At transplanting, 12 seedlings were randomly pulled from seedling trays for all the genotypes. For each subsequent sampling done in the field after transplanting, plants were randomly sampled every week from 0.32 m2 that corresponded to eight hills for both the dry and wet seasons. The three external rows from the border of all plots were not considered for sampling. For each sampling date, plants were collected and placed in a plastic bag containing water and brought to the laboratory for cleaning and for subsequent processes. Plant samples were separated into green leaf blades, dead leaf blades, leaf sheaths, culms (internodes and nodes), and panicles (including juvenile ones) when present. The area of the green blades was measured with a leaf area meter (Li-3100C area meter, Li-Cor, Lincoln, NE, USA). Leaf area index (LAI) was calculated as leaf area (LA) of the sampled plants divided by the corresponding ground sampling area. For all sampling dates, dry matter of each entity previously listed was determined by drying the material for 72 h in an oven at 70 °C, and then weighing them. Specific leaf area (SLA, cm2 g−1) was calculated by dividing the leaf blade area by the corresponding leaf blade dry matter.
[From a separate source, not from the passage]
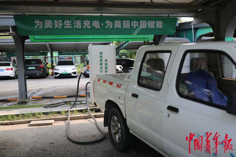 8月4日,中青报·中青网记者参加“活力中国调研行”主题采访时来到梅林村光充储一体化充电站,该站标语写着“为美好生活充电·为美丽中国赋能”。中青报·中青网记者 孔斯琪/摄
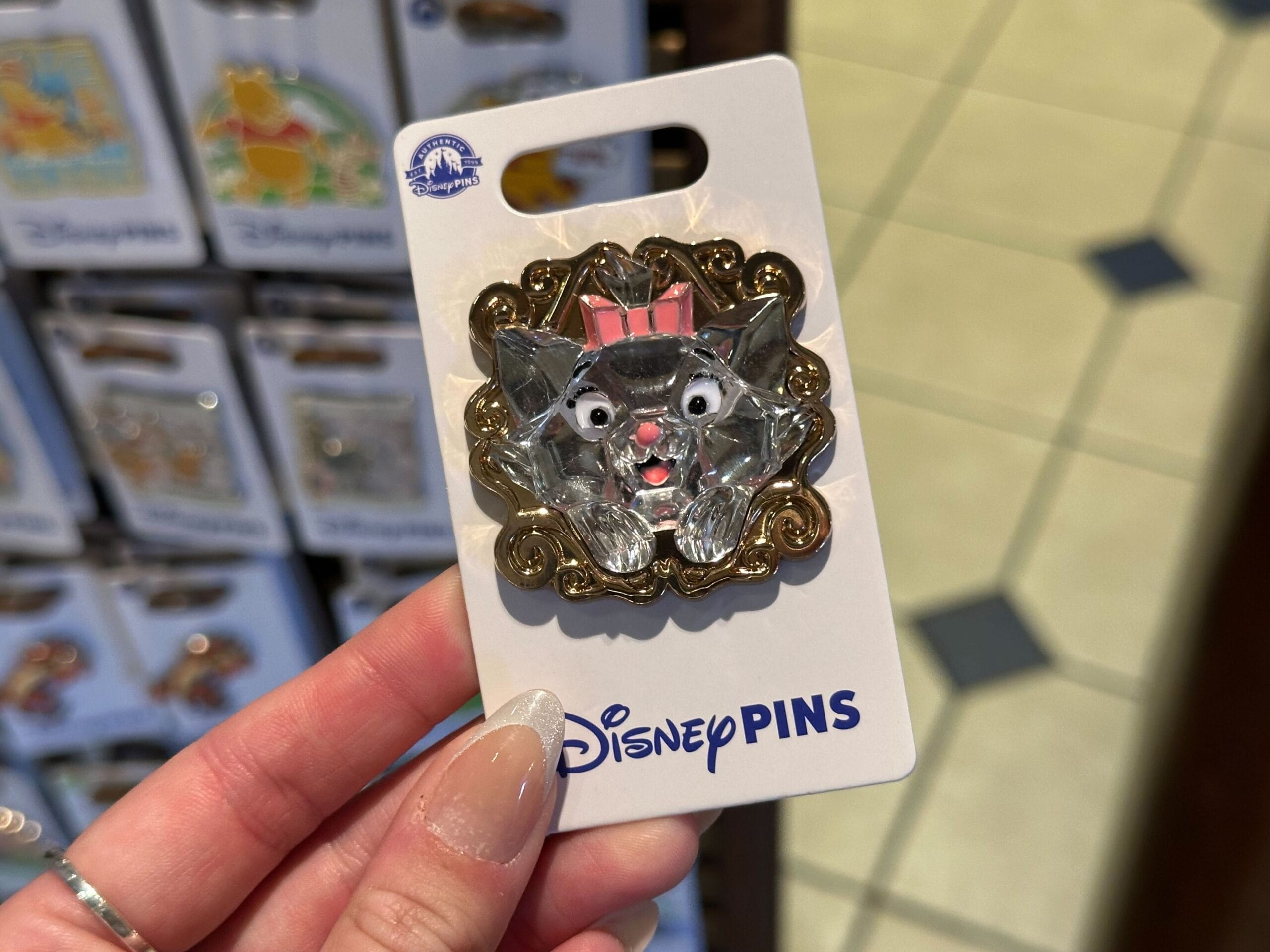 Similar in style to Stitch is this pin of Marie from “The Aristocats.” Marie is also made of semi-transparent plastic over a reflective base, with her bow and mouth adding a spot of light pink.

Stem dry matter was calculated as the sum of the leaf sheath and culm dry matter. Shoot dry matter of the plants was calculated as the sum of the dry matter of leaf blades, stems, and panicles. Culm length of each tiller of four sub-sampled hills was measured at flowering. Specific culm length (SCL) was computed as the ratio of the stem length to its corresponding dry matter. To evaluate the spatial occupation of the leaves of one plant, the spreading of these leaves was estimated on a virtual horizontal plane, at higher collar level, by measuring the distance between the two extreme points of the plant, first on an axis within the row, and second on a perpendicular axis between rows. The ellipse area of the plant formed by the virtual 2D leaf area at highest collar level was then calculated as:

$${\text{Ellipse area}}=\pi \times {\text{radius}}\,1 \times {\text{radius}}\,2$$

where radius 1 is half of the distance on the axis within the row and radius 2 is half of the distance of the perpendicular axis between rows.

Leaf angle between the leaf and its tiller culm was measured using the tiller as the reference (vertical).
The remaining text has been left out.